## DIRECTIONS:
In your copy, each line below is repeated exactly and no image appears.

## COLLECTED MATERIAL:
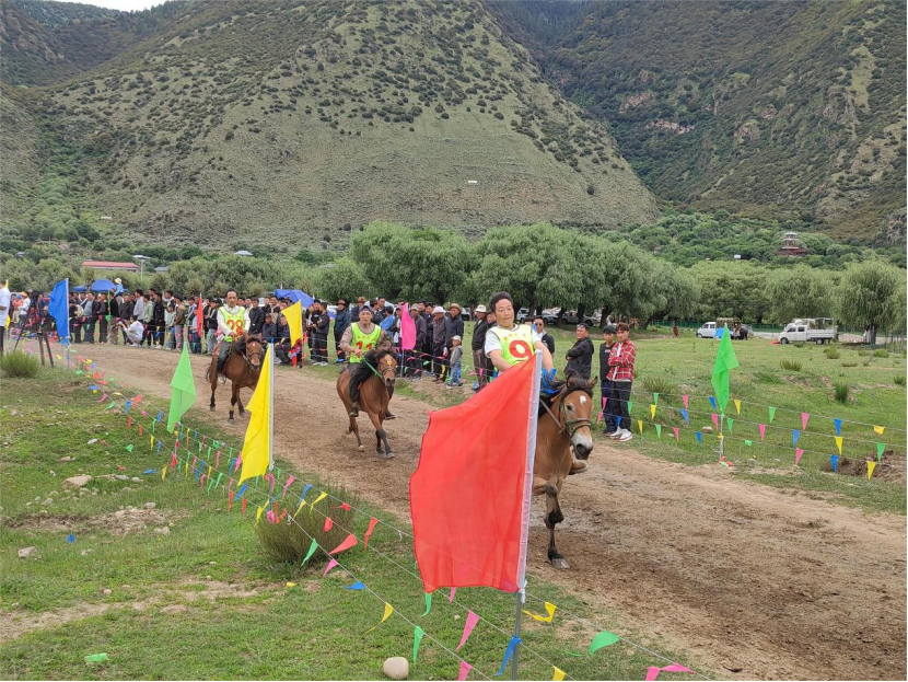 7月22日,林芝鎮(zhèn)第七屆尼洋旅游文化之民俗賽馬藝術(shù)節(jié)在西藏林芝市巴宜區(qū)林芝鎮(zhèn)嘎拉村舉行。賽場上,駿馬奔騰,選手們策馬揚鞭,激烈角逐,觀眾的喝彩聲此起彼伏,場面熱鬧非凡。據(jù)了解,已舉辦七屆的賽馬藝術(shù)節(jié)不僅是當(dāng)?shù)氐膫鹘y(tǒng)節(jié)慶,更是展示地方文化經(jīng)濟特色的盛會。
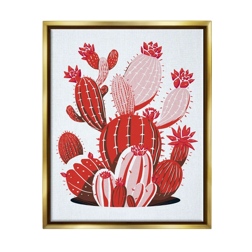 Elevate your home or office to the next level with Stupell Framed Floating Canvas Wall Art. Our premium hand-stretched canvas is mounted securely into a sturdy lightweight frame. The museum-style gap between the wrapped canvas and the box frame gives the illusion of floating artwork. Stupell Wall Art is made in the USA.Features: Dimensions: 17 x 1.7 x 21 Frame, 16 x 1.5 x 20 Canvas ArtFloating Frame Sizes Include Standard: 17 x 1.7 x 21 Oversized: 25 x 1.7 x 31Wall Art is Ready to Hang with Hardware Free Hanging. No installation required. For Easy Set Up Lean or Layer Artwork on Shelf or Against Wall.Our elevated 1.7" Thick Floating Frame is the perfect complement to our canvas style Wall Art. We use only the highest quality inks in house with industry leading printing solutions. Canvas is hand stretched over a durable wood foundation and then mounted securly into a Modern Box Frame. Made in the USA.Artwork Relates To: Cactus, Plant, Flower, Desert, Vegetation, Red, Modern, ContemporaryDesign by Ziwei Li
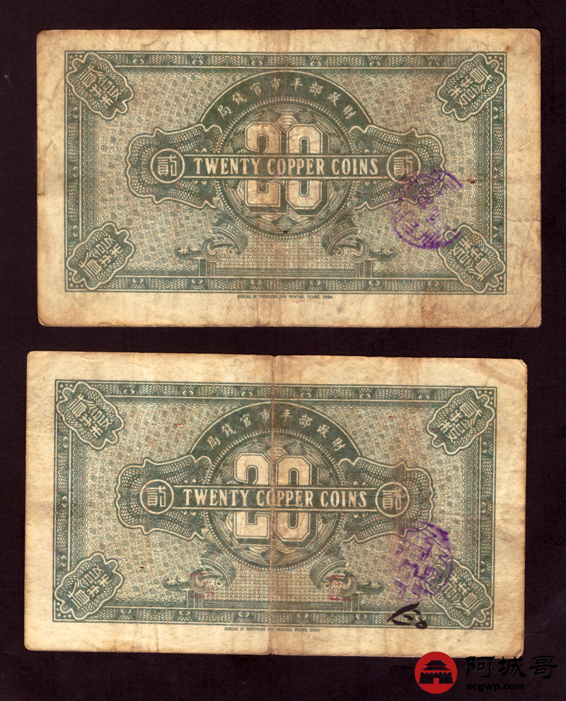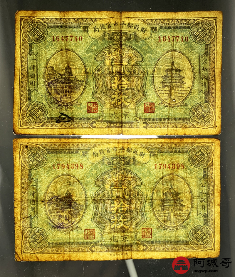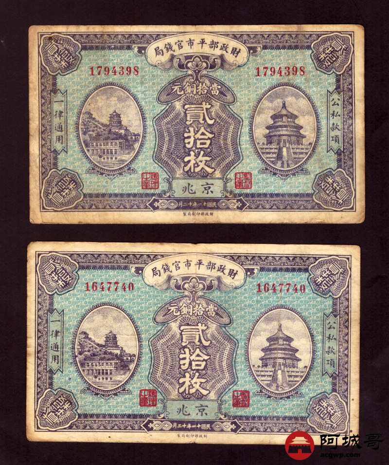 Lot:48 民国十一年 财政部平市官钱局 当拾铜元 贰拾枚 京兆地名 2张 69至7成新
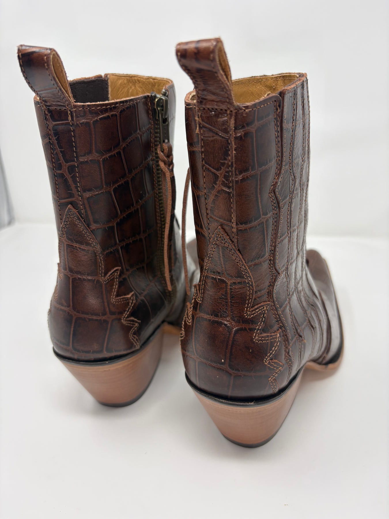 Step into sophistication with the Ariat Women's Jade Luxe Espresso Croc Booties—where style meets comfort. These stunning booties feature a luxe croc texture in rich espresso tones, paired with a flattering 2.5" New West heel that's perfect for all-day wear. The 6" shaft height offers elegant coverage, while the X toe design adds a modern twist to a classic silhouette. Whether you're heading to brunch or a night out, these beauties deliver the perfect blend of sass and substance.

## ANSWER SECTION:
 7月22日,林芝鎮(zhèn)第七屆尼洋旅游文化之民俗賽馬藝術(shù)節(jié)在西藏林芝市巴宜區(qū)林芝鎮(zhèn)嘎拉村舉行。賽場上,駿馬奔騰,選手們策馬揚鞭,激烈角逐,觀眾的喝彩聲此起彼伏,場面熱鬧非凡。據(jù)了解,已舉辦七屆的賽馬藝術(shù)節(jié)不僅是當(dāng)?shù)氐膫鹘y(tǒng)節(jié)慶,更是展示地方文化經(jīng)濟特色的盛會。
 Elevate your home or office to the next level with Stupell Framed Floating Canvas Wall Art. Our premium hand-stretched canvas is mounted securely into a sturdy lightweight frame. The museum-style gap between the wrapped canvas and the box frame gives the illusion of floating artwork. Stupell Wall Art is made in the USA.Features: Dimensions: 17 x 1.7 x 21 Frame, 16 x 1.5 x 20 Canvas ArtFloating Frame Sizes Include Standard: 17 x 1.7 x 21 Oversized: 25 x 1.7 x 31Wall Art is Ready to Hang with Hardware Free Hanging. No installation required. For Easy Set Up Lean or Layer Artwork on Shelf or Against Wall.Our elevated 1.7" Thick Floating Frame is the perfect complement to our canvas style Wall Art. We use only the highest quality inks in house with industry leading printing solutions. Canvas is hand stretched over a durable wood foundation and then mounted securly into a Modern Box Frame. Made in the USA.Artwork Relates To: Cactus, Plant, Flower, Desert, Vegetation, Red, Modern, ContemporaryDesign by Ziwei Li
 Lot:48 民国十一年 财政部平市官钱局 当拾铜元 贰拾枚 京兆地名 2张 69至7成新
 Step into sophistication with the Ariat Women's Jade Luxe Espresso Croc Booties—where style meets comfort. These stunning booties feature a luxe croc texture in rich espresso tones, paired with a flattering 2.5" New West heel that's perfect for all-day wear. The 6" shaft height offers elegant coverage, while the X toe design adds a modern twist to a classic silhouette. Whether you're heading to brunch or a night out, these beauties deliver the perfect blend of sass and substance.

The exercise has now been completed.